Semantics refers to the branch of linguistics concerned with the study of meaning, truth, and implications. Consider the following sentence that is familiar to all linguists: “Colorless green ideas sleep furiously”. This is a famous example composed by Noam Chomsky in his 1957 book of Syntactic Structures. All English speakers can tell you that this sentence is grammatically correct, just like “I ate an apple.” Yet all of them would also tell you that this sentence is complete nonsense – it simply is semantically meaningless, as ideas don’t have colors, let alone the ability to sleep furiously.
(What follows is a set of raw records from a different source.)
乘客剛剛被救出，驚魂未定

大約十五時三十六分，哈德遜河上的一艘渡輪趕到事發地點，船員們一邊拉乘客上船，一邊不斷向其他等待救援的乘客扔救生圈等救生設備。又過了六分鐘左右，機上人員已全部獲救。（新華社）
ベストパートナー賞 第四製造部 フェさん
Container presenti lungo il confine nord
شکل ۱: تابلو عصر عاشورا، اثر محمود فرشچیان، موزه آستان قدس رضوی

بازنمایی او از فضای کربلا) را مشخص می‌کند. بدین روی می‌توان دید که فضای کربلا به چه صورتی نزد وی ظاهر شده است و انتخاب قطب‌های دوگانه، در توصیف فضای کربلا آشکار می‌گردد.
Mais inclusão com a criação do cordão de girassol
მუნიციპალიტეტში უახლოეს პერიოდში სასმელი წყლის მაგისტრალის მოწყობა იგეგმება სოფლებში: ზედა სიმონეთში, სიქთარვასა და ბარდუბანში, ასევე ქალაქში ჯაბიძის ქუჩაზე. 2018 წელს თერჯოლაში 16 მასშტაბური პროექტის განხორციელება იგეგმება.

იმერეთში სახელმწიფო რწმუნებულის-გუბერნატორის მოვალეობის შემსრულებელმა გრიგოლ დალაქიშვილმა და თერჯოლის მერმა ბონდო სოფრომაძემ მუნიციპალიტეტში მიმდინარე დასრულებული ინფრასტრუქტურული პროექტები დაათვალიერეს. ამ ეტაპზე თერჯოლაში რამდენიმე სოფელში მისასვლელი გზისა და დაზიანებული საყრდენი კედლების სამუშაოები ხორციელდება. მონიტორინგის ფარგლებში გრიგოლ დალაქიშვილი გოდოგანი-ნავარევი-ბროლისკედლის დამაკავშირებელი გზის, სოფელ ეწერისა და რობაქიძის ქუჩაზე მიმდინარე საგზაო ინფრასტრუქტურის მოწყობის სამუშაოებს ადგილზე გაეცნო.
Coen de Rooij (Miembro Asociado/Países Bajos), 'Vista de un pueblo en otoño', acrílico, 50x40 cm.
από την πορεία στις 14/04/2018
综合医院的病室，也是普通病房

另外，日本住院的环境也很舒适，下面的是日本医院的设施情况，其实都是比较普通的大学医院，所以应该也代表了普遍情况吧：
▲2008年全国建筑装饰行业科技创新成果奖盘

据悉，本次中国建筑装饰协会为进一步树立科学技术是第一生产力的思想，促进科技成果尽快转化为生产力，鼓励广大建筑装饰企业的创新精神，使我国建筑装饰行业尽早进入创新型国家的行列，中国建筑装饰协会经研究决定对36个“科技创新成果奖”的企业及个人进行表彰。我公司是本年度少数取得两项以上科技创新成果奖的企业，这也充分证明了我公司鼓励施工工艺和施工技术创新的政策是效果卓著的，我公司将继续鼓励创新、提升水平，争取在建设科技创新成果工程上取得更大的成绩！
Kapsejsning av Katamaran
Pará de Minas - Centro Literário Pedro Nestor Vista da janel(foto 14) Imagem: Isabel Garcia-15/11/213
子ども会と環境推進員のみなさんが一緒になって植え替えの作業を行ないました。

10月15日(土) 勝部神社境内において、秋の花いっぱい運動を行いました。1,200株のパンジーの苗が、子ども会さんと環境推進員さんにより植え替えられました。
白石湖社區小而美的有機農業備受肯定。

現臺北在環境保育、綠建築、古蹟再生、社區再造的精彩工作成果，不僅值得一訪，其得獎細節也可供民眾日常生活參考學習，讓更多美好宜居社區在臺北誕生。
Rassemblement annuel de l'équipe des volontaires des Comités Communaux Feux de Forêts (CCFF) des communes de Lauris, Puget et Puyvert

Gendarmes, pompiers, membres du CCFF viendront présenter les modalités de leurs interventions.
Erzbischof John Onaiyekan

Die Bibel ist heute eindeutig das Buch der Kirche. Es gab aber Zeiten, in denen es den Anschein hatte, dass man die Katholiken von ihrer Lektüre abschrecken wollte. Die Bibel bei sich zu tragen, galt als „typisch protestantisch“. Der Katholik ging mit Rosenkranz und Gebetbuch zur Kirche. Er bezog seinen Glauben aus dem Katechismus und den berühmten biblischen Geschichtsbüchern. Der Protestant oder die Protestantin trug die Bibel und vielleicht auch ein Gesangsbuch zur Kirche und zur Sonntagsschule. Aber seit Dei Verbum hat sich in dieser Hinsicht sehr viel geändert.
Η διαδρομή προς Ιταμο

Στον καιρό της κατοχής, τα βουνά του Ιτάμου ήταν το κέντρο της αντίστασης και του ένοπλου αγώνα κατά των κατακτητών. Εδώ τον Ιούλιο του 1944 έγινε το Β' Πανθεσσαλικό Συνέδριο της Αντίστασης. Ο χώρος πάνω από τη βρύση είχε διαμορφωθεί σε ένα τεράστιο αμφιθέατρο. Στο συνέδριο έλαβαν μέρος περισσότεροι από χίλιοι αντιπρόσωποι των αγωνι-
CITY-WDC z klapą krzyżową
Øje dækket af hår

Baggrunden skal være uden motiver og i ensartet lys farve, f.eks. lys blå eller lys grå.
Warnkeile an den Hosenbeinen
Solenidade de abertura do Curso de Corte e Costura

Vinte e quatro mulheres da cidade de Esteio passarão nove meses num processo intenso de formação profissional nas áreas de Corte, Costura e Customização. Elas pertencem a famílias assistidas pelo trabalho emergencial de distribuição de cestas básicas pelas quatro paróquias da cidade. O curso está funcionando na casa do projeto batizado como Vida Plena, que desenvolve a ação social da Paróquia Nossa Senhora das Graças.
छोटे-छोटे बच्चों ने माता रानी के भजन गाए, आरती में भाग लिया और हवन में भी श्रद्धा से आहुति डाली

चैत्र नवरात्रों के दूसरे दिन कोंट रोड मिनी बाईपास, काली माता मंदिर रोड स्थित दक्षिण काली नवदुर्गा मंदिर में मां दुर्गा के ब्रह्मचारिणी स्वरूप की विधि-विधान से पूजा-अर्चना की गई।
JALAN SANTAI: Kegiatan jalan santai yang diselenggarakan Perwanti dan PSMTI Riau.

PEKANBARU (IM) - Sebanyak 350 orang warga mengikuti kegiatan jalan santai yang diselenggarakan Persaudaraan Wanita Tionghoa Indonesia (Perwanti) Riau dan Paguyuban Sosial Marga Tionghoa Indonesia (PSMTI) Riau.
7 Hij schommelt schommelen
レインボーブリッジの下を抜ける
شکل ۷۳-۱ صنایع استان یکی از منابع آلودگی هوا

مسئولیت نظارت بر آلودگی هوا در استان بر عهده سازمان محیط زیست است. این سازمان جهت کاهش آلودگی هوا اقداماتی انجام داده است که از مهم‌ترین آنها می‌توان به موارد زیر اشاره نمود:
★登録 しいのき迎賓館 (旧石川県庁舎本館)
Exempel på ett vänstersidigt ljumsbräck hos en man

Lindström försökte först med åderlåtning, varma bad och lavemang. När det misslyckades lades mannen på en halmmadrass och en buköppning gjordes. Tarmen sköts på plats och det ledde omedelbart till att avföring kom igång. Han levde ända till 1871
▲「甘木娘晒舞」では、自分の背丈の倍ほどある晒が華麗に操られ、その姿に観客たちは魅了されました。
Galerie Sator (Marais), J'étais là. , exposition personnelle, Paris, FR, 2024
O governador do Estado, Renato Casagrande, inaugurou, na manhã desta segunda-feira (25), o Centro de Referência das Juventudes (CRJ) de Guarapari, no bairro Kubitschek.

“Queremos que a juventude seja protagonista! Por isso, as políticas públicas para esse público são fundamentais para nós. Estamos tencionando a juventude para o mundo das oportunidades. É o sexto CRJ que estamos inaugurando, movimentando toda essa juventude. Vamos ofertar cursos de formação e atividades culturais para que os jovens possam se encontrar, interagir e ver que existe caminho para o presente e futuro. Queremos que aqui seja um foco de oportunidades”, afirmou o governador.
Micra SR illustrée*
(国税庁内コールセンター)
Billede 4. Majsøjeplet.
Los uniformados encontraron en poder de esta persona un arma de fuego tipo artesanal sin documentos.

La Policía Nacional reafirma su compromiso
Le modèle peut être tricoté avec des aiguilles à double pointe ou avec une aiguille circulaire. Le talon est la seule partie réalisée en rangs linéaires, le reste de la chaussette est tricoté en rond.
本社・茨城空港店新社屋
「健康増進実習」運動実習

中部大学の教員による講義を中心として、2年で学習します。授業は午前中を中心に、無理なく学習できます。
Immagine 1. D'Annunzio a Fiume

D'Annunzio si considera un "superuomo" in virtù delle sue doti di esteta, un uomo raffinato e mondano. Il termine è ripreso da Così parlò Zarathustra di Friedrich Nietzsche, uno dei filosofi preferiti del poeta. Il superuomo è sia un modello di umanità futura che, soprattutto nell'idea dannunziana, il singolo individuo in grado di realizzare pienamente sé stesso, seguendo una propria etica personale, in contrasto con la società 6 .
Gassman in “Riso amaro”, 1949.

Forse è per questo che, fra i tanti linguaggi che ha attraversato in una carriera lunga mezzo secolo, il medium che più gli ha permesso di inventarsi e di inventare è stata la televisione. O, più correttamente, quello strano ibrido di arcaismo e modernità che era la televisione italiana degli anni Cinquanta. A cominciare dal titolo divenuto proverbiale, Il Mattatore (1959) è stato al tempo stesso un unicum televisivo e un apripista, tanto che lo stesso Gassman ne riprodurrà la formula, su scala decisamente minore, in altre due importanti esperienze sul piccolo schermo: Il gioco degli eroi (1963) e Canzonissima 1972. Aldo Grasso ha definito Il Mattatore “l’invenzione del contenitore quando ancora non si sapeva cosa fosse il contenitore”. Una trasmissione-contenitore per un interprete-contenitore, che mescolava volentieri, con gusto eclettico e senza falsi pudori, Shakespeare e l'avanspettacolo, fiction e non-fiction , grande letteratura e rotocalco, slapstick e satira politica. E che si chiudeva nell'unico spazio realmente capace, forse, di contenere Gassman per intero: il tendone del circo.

This example shows that a perfectly grammatically correct sentence can be semantically pointless. In other words, for a sentence to be meaningfully grammatical, it must respect both syntactic and semantic rules.

The same applies to viruses. Mutations induce changes that alter the appearance of viruses, such as changing the structure of the surface of proteins and removing parts of the nucleotide. Viruses that have undergone mutations are said to have “changed their meaning”. The rapid mutation of coronavirus is becoming a global concern as it is accompanied by an alarming increase in the infection rate and a skyrocketing need for medical resources. This is because certain mutations allow the virus to avoid being detected by antibodies in our immune system, a process known as viral immune escape. The ability to predict and identify these mutation patterns has therefore become more crucial than ever. NLP models encode words in a mathematical space such that words with similar meanings are closer together than those with vastly different meanings. This is known as “embedding”. In the context of viruses, the embedding of their genetic sequences would group them with respect to the degree of similarity of their mutations. The high-level goal of Berger’s study is to locate such mutations that might let a virus escape our immune system without compromising its ability to infect hosts – mutations that alter a virus’ meaning whilst the meaning remains grammatically correct.